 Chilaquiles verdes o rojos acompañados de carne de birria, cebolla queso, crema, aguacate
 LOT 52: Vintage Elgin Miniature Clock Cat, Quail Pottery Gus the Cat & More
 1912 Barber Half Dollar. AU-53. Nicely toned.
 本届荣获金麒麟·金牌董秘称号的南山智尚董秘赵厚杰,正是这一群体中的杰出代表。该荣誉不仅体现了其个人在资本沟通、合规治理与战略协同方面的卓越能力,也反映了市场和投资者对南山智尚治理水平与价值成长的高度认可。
***
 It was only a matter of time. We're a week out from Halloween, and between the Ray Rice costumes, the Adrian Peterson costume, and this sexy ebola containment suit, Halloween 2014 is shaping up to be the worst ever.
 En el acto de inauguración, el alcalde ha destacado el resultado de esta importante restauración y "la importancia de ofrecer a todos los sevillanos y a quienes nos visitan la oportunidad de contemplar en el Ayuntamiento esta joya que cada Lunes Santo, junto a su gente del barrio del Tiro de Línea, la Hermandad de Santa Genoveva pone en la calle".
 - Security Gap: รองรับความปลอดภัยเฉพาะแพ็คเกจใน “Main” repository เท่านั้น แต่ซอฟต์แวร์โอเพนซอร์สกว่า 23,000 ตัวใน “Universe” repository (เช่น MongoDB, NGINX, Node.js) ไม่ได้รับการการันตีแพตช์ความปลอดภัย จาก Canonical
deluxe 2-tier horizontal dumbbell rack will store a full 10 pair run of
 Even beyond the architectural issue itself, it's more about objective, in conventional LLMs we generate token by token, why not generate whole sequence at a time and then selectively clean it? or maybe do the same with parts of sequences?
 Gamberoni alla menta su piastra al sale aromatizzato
***
### WORK REQUEST
Lines of the data above that include the string "time" must each be copied.

### TASK RESPONSE
 It was only a matter of time. We're a week out from Halloween, and between the Ray Rice costumes, the Adrian Peterson costume, and this sexy ebola containment suit, Halloween 2014 is shaping up to be the worst ever.
 Even beyond the architectural issue itself, it's more about objective, in conventional LLMs we generate token by token, why not generate whole sequence at a time and then selectively clean it? or maybe do the same with parts of sequences?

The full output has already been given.